In film there is something very special known as the ‘Aspect Ratio’. This defines how big the frame is. Your old square TV was a 4:3, your new HDTV screen might be a 16:9. Films use this in order to set the mood. For example, in Quentin Tarantino’s recent film The Hateful Eight he filmed it in 2.76:1 in order to get a specific look, a grand old film look that would allow him to show the isolation of the main characters. In his earlier film Death Proof however, he shot the film in 2.35:1 which is basically standard widescreen and that worked for his gritty re-imagining of the grindhouse movie experience. I bring this up because Transformers 5 can’t pick a goddamn aspect ratio. It changes between scenes, sometimes it’s standard, other times it’s insane wide screen. IMDB lists 3 aspect ratios… no, no this is not good film making. If you want to use different camera’s fine but in the edit you better letter box some shots and keep it consistent because otherwise the edges of the frame dance around like a crack addict. It’s jarring and not even justified by the content of the scenes, wide angles shot with a wide angle lens will be intercut with close ups in a letterboxed shot. There is no stylistic reason for this other than basic incompetence.

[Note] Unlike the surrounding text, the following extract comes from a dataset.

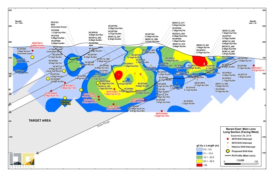 Nine holes were completed to specifically target down-plunge, down-dip and along-strike extensions of the mineralization. This drilling was successful in extending the Barani East Zone down-plunge a further 90 metres, at least another 50 metres to depth on six sections and a further 250 metres along strike (see Figures 2 and 3), with all holes drilled outside of the current resource pit (Indicated Mineral Resource of 45,250 ozs gold grading 1.99 g/t gold and Inferred mineral resources of 73,170 ozs gold grading 2.15 g/t gold – NI 43-101 compliant resource report filed on SEDAR, 2014). This work suggests that the Barani East Zone is shallower plunging than previously believed and as such, additional holes are proposed (see Figure 2) to further test the inferred higher-grade portion of the zone at shallower depths, especially down plunge of a 2018 hole that returned 6.3 g/t gold over 13 metres. To date, the central, 450-metre long portion of the zone has been tested to 150 to 200 metres depth with the remaining holes generally testing to less than 100 metres depth. Recent highlight drill intercepts include 1.49 g/t gold over 23.7 metres including 2.87 g/t gold over 4.8 metres and 4.49 g/t gold over 2.85 metres. Gold mineralization is related to a northeast-trending, cross-cutting structure with altered limestone, siltstone, granite and mafic intrusions hosting the gold.

Speaking of the fact that Michael Bay doesn’t know how to make movies, the editing in this film is beyond awful. People jump from location to location without so much as a mocking justification. People will end one shot wearing one outfit and walk into the next shot that allegedly takes place minutes later in a brand new outfit. One of the most basic shots, the two person conversation, is screwed because the editor decided to have Mark Wahlberg’s voice come out while Laura Haddock is on screen and then reverse it. Considering neither of them have particularly interesting reactions, maybe don’t use the take where they’re probably staring at a piece of tape because the other person in the scene went to get a bagel and Bay wanted a pick up shot!

The plot is incomprehensible, there’s like 12 of them crammed into this two and a half hour thing that is allegedly a movie. Basically Mark and Laura’s characters have to find the magic staff that was buried with Merlin (You know, the drunk charlatan) in order to stop some stupid space robot goddess from destroying the planet because reasons. Oh also, everyone dies in this movie about 30 times, or at least they would if anyone who made this movie understand how people work.

This movie is so bad, it’s an assault on cinema. It’s a poorly made mess by a man who knows that as long as he blows something up every 30 seconds that you will get people to applaud like monkeys at your objectively awful movie with no redeeming qualities. This movie made me  think of a line from a movie that I honestly love and it applies here so perfectly:

Kill everyone now! Condone first degree murder! Advocate cannibalism! Eat shit!

That line right there? That is a better more fulfilling piece of dialogue than anything you will find in Transformers. AVOID AT ALL COSTS!